Millions of families, for instance, could face steep increases in healthcare premiums or loss of insurance coverage in the second half of this year as pandemic responses fall away: 

  • Medicaid Coverage: Early in the pandemic, as millions of Americans lost jobs and healthcare coverage, Congress passed the bipartisan Families First Coronavirus Response Act that covered many more people. The federal government increased matching funds to states and ensured that Medicaid enrollees would be continuously covered through the duration of the public health emergency. Once the public health emergency expires—which it is expected to do this year—as many as 13 million people could lose health coverage over the next 12 months. In Missouri, about 170,000 of the state’s 1,091,000 Medicaid patients could lose their coverage, according to an Urban Institute study (see table 2).
  • Affordable Care Act (ACA) Coverage: Congress and the Biden Administration also took action to make private insurance more affordable during COVID by passing the American Rescue Plan, which provided enhanced premium assistance to help more people buy ACA coverage. This resulted in record-high enrollment in insurance marketplace plans this year. However, the enhanced premium assistance that saved individuals over $800 last year, will expire at the end of 2022 if Congress does not take action. This will price millions nationwide out of coverage, among them many of the roughly 215,000 ACA policyholders in Missouri.
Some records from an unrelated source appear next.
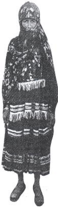
نمونهك ژ جلكين كوردى ل وى دمفهري تدارمكىن دمفهره بجنورد

كوردین فی دمفهري دوركى گهلهك گرنگ ههبو تا بهرى رژيما پههلهوى بيته سهر حوكمى، زمانى كوردى رهواجا خو ههبو دناف تورك و فارسا دا ، لى هه ر ل هاتنا (رزا شاهى) بزاف كرن بو پاش ئيخستن و ژناف برنا زمان و كهلتورى كوردى، بو نموننه جلكين كوردى ل خواندنگهها قهدهغه كرن و زمانى فارسى كره زمانهكى رسمى و ئاخستن ب كوردى قهدهغه كرن و... ههر وهسا ل سهر حوكمى كورى وى (محهمد رزاي) ژى ههر ئه و بيكول دكرن و ئهف بازيين پترى يا وان كورد بزاف كر كو ب هنده مللهتين دى ب گوهوريت و چ پويته پى نهكر ژلايى ئابورى و رهوشهنبيري و ساخلمه ميب قه كو بو ئهگهرا كوچ كرنا گهلهك كوردا و گهلهك ژى چوونه سيستان و بلوشستان و تا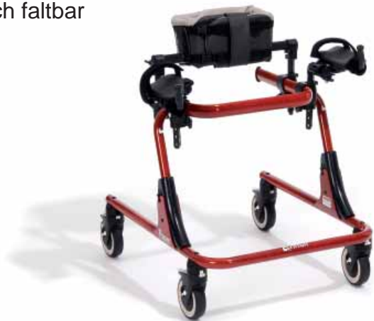
Maße - Grundmodell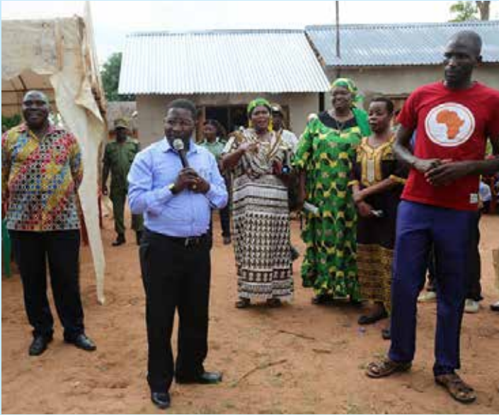
Waziri wa Nishati, Dkt. Medard Kalemami akizungumza na wananchi wa kijiji cha Chemkeni wilayani Kaliua, Mkoa wa Tabora mara baada ya kuwasha umeme kijijini humo.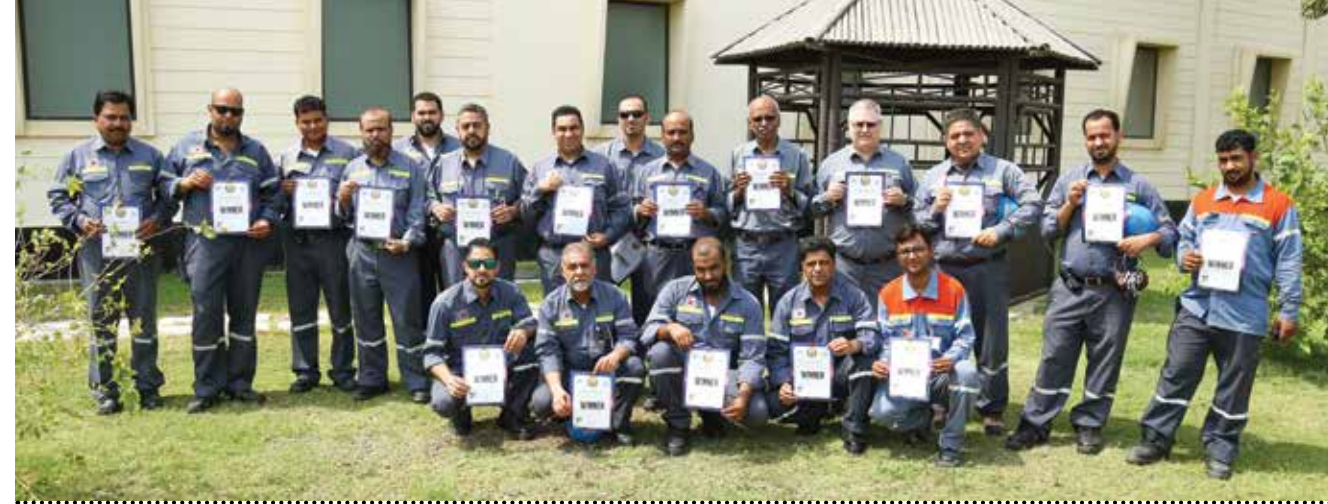
24 DISTRIBUTION OF WINNER CERTIFICATES TO ALL EMPLOYEES توزيع شهادات WINNER على جميع الموظفين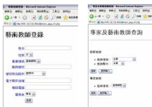
圖 9 專家及教師登錄與查詢

(三) 建置網路人才庫系統：建立全省各縣市藝術類科教師資料庫，於學科中心網站建置專家及教師登錄與查詢功能，登錄功能提供相關人才主動填報加入資料庫，查詢功能則提供網站會員查詢各類科專家學者名單，以及依任教科目及地區查詢教師之服務學校與電子信箱，增進教學交流之便利性。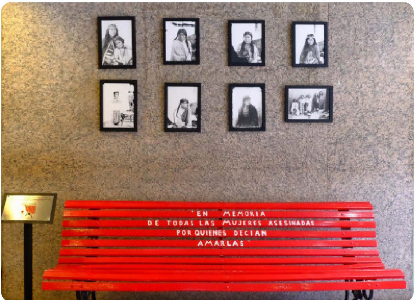
Octubre 2022. Mes del "Respeto a la Diversidad Cultural". Muestra "Prisonerxs De La Ciencia" organizada por Marcos Bufano, fotógrafo del grupo GUIAS.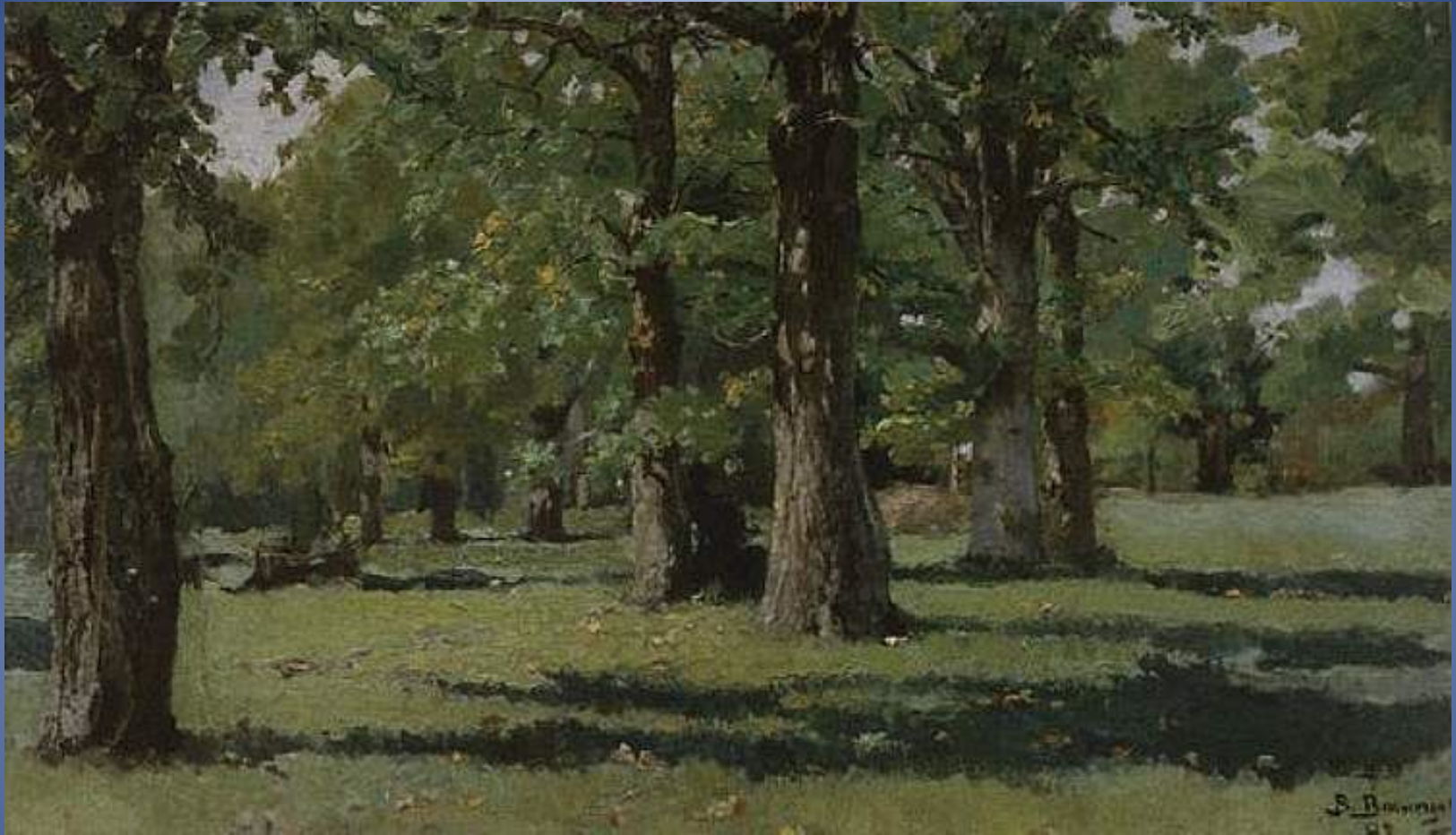
Дубовая роща в Абрамцево 1883г, холст, масло, Государственная Третьяковская галерея, Москва.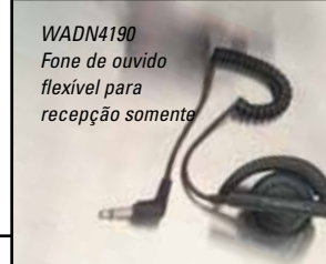
WADN4190 Fone de ouvido flexível para recepção somente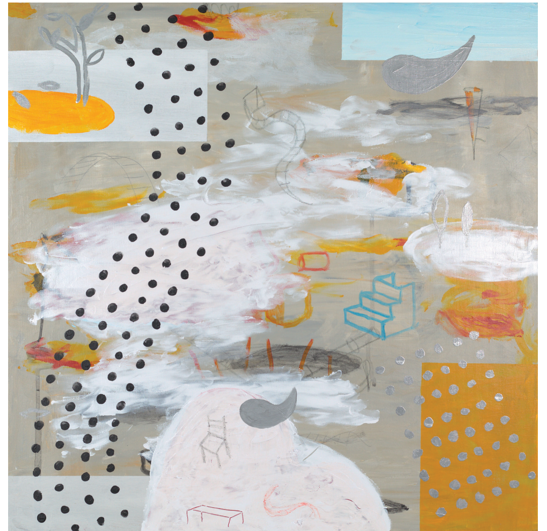
SIESTA 2021 TÉCNICA MIXTA SOBRE LIENZO 80X80 cm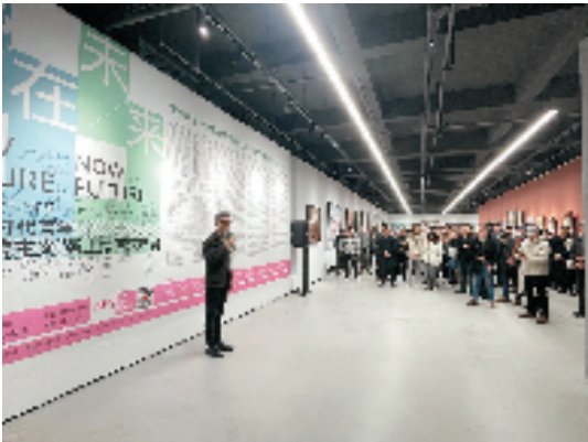
2022年12月，第一届 时代青年“新学院主义”架上绘画双年展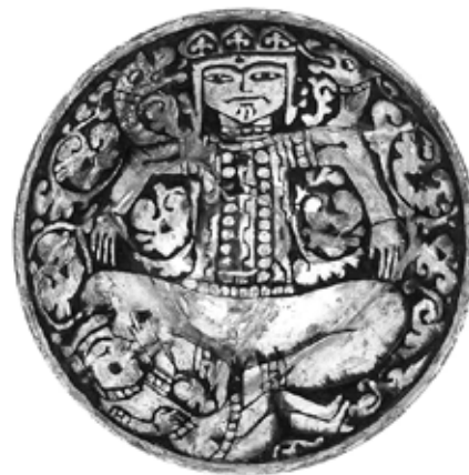
تصویر ۱: کاسه نقش‌کنده با تصویر ضحاک، شیخ تپه ارومیه، قرن ۵ هجری، موزه ملی ایران (کریمی و کیانی ۱۳۶۴، ۱۶۳)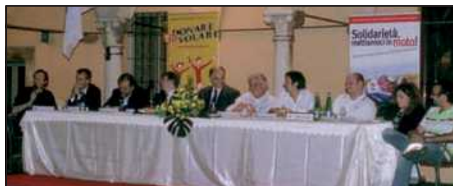
Momento del meeting "Giovani e solidarietà: responsabilità giovanile nel sociale".

La 3 a Festa Provinciale Giovani si è conclusa a notte fonda con successo, questo con la soddisfazione di tutto il Gruppo Giovani Veronese e in particolare del Consiglio Direttivo dell'Avis di Monteforte, che tanto si è impegnato per la buona riuscita della manifestazione.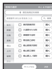
③ 停電情報を受け取りたい地域を最大4か所まで選択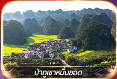
ป่าภูเขาหมื่นยอด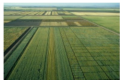
Campos de trigo en México La ocupación de grandes extensiones de tierra por unas pocas especies destinadas al consumo ha contribuido a reducir la biodiversidad.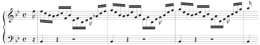
Figure 4. Partita #1 en sib Majeur, Allemande, mes. 1—4

Adolescent, lorsque j'étudiais le piano, j'étais plutôt mauvais élève parce que je passais plus de temps à « contempler » le son des pièces qu'à les travailler. J'aimais beaucoup, par exemple, isoler des passages contenant des sonorités inhabituelles, sonorités le plus souvent créées par des processus de conduite de voix comme des notes de passage, des retards, ou des appoggiatures ; sonorités que l'on remarque moins (ou pas du tout) si l'œuvre est jouée « normalement ». Prenons pour exemple ce court extrait du choral, qui prend une allure bien différente lorsqu'on s'amuse à faire des « arrêts sur image », c'est-à-dire soutenir des accords qui ne sont pas faits pour être soutenus (indiqués ici par des points d'orgue de petite taille).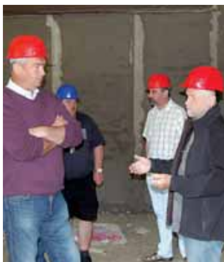
Rekonstrukce hrubé stavby Střediska volného času je hotova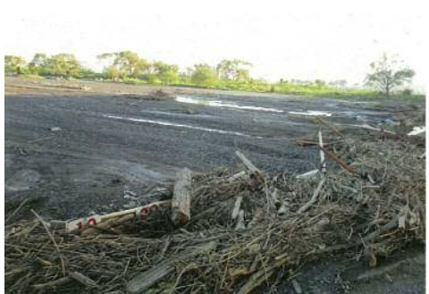
⑤ 中原スポーツ広場 (駿河区中原) の被災状況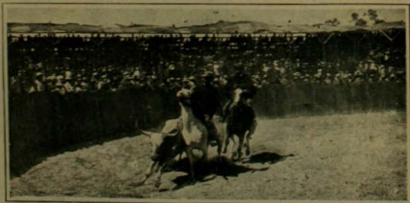
Un momento difícil

"ponchos" multicolores, sus espuelas de rodaja colosal y sus "chuzos" amaestrados al estilo del país. Se hizo la "aparta" de un grupo de novillos, se organizaron topeaduras entre huasos del norte y del sur y se ballaron cuecas con trajes de caracter. La fiesta del Domingo ha sido un brillante éxito, por el cual felicitamos a los organizadores que de este modo contribuyeron a despertar las características costumbres de nuestros campos, que van desapareciendo rápidamente.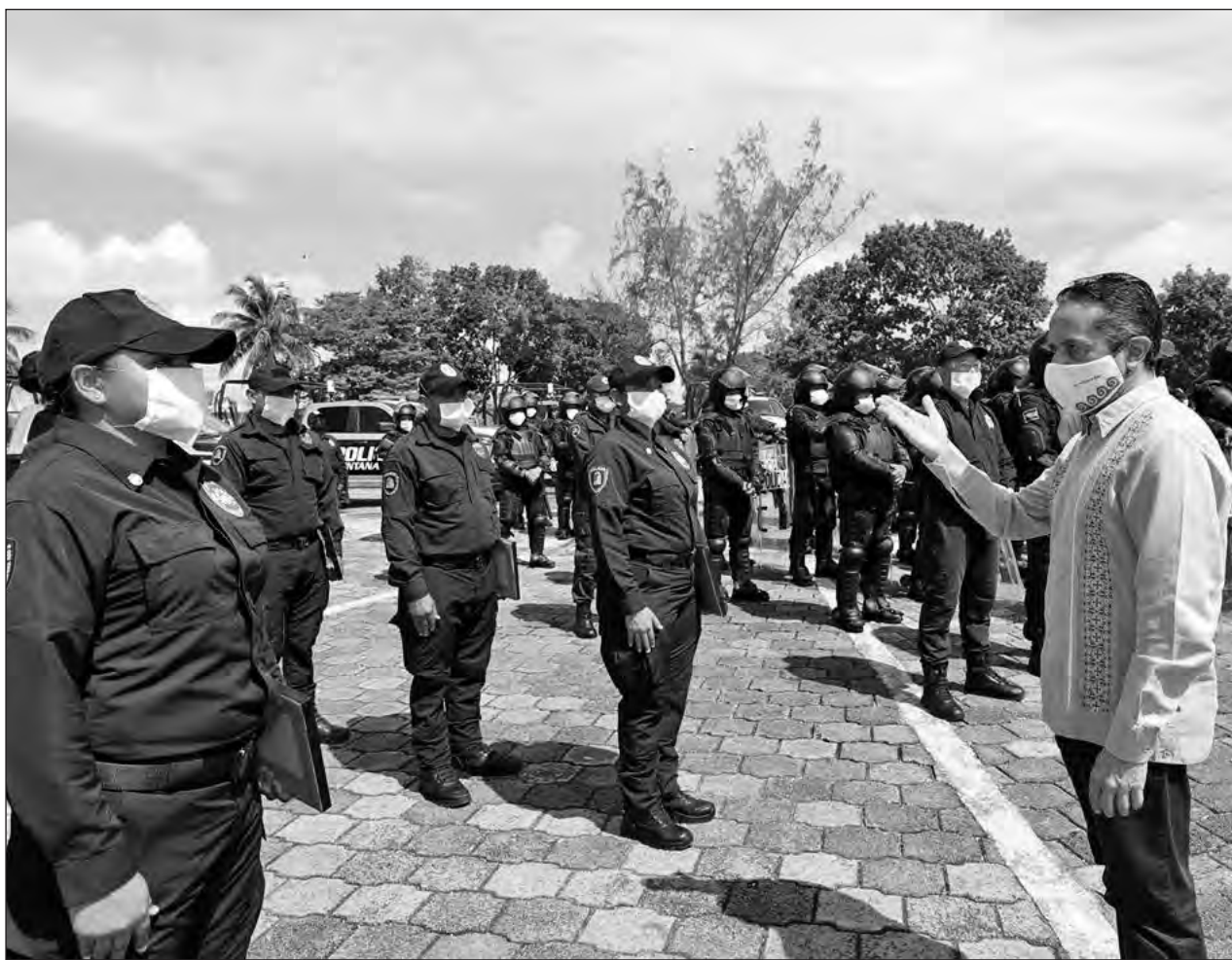
▲ La capacitación es fundamental para seguir fortaleciendo las instituciones de seguridad, señaló el gobernador Carlos Joaquín.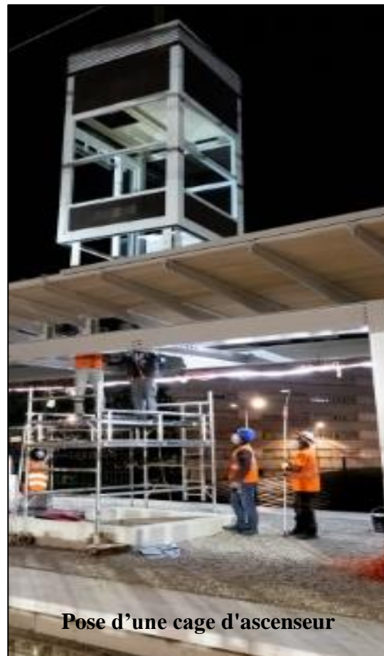
Pose d'une cage d'ascenseur

En projet mi 2022 : la modernisation et mise en accessibilité de l'accès secondaire côté sud ainsi que la mise en place d'un micro-working (espace de travail avec Wi-Fi) dans le bâtiment principal.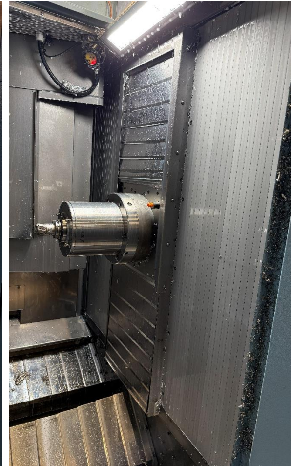
Innenraum nach rechts geschaut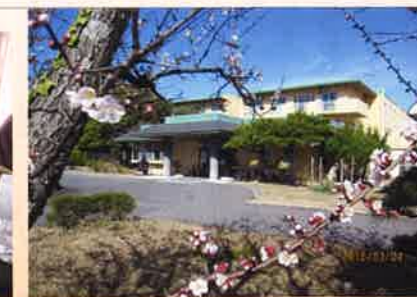
ホームの周囲に季節を告げる花々がほころび始めています。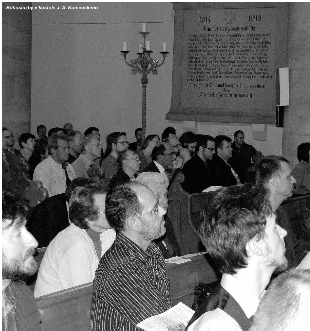
Bohoslužby v kostole J. A. Komenského

Možno, keď si niektorí delegáti konferencie prečítajú tieto riadky, povedia si, že sme neboli na rovnakej konferencii. Najmä tí nespokojnejší, ktorých hlasy neboli zaradené do znesení, lebo také bolo pravidlo. Ale aj oni vari pocítili, že v Brne na konferenciách Cirkvi bratskej vládlo ovzdušie, ktoré môže priniesť cirkvi len požehnanie a posilnenie. ■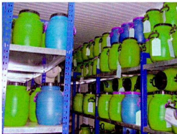
森林研究所 (FRI) 種子貯蔵庫 (アディスアベバ)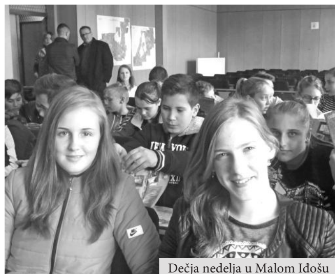
Dečja nedelja u Malom Idošu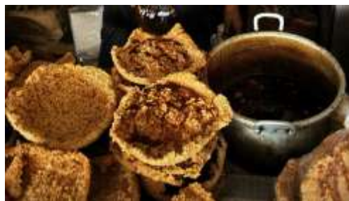
Gambar 2.42 Intip Solo

Sumber : http://wisatajiwa.files.wordpress.com/2010/01/pasar-gede-solo-8.jpg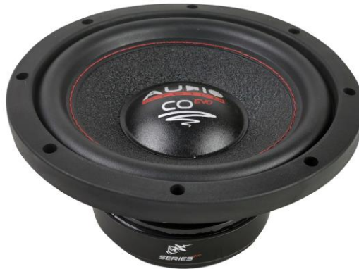
CO 08 EVO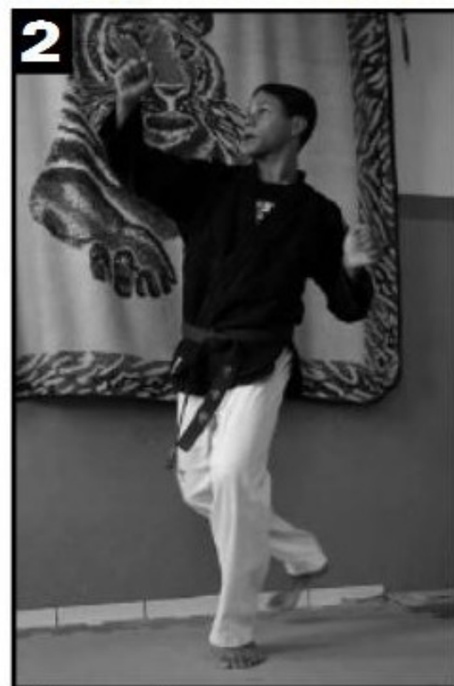
Inicia-se o movimento.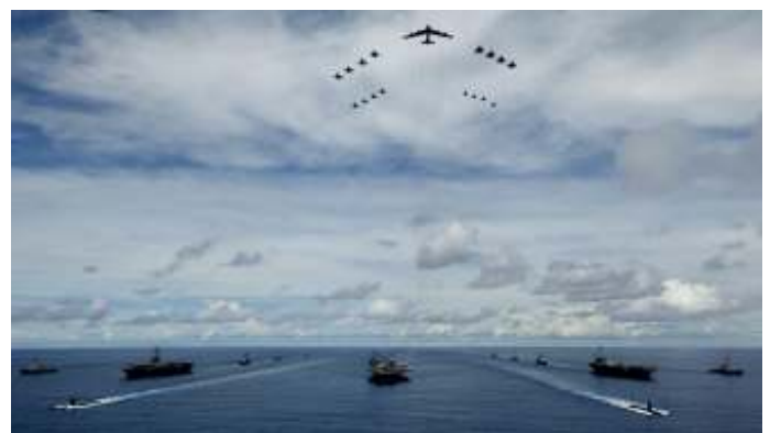
Trump heeft ook de militaire kracht van de VS ingezet om de handelsovereenkomst mogelijk te maken.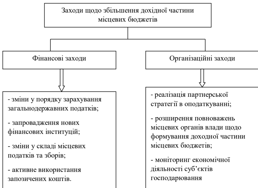
Рис. 2. Заходи щодо збільшення доходної частини місцевих бюджетів

Таким чином, покращення адміністрування ПДФО повинно передбачати, по-перше, зміну порядку зарахування податку за місцем реєстрації (проживання) платника податку. Це, на нашу думку, буде сприяти зниженню рівня диференціацію місцевих бюджетів за рівнем податкових надходжень, а по-друге, буде стимулювання економічне зростання місцевих територіальних громад шляхом збільшення податкових надходжень до місцевих бюджетів.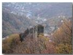
Il castello Fieschi domina sulla Valle Scivia

Pietro Marcheselli - Canon Ixus 980 IS 2012 - Inverno - Savignone - Altro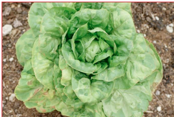
Daños de mildiu en lechuga

Para su control se recomienda utilizar semillas sanas, evitar encharcamientos, no plantar demasiado profundo, facilitar aireación, regar en días soleados, retirar restos de cosecha del cultivo anterior, tratar previamente cuando se prevean o produzcan las condiciones descritas anteriormente y antes de la aparición de las primeras manchas. El tratamiento se realizará antes de que cierre el cultivo, mojando bien toda la planta, con los productos fitosanitarios autorizados.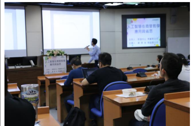
與會老師專注參與研習活動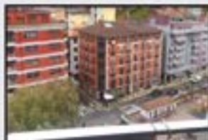
Urkizuko dorreak Kontsultatu Pisu altua. 4 logela eta balkoia. 105 m 2 . Igogailua kaletik.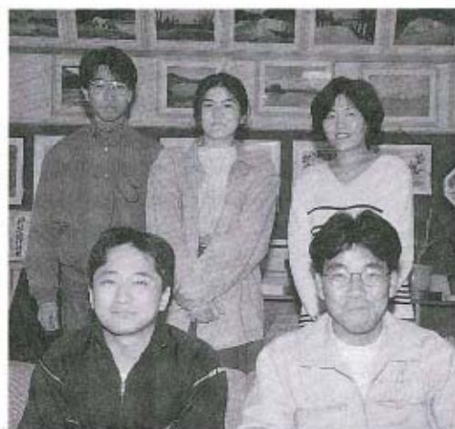
●ふるさと秋穂の一層の活性化を図るため、いっしょにがんばってみませんか?

秋穂町青年団では、ただいま団員を募集しています。現在は、サマーフェスティバルなどの町の行事の参加や町内のカーブミラーの清掃などのボランティア活動を中心にがんばっています。 秋穂町に在住している20前後のかた、難しく考えることはありません。ふるさとのため、自分のためいっしょにがんばりましょう。 詳しいお問い合わせは中央公民館までお願いします。

Continuing affordable healthcare coverage for millions of America’s working families would cost about $50 billion a year. That cost could be covered by Sen. Wyden’s tax on just the nation’s 700 or so richest households, preventing hundreds of thousands of Missouri residents from losing health care.  

Across the country, organizations are calling on Congress to take a position on increasing taxes for billionaires through the enactment of a billionaires income tax like those proposed by President Biden and Senator Wyden. As Congress prepares to debate a package that will include some tax increases for the wealthy, local advocates are asking every member of the Missouri delegation to endorse a resolution calling for billionaires to pay their fair share.

Current proposals to create a billionaires’ income tax represent a historic change in direction away from decades of proliferating tax breaks and wider loopholes for the wealthy that have contributed to a growing wealth gap between the nation’s richest families and everyone else. President Trump’s 2017 Tax Cuts and Jobs Act (TJCA), the last major tax legislation passed by Congress, provided $1.9 trillion in tax giveaways mainly to the rich and corporations while working and middle-income families saw few benefits.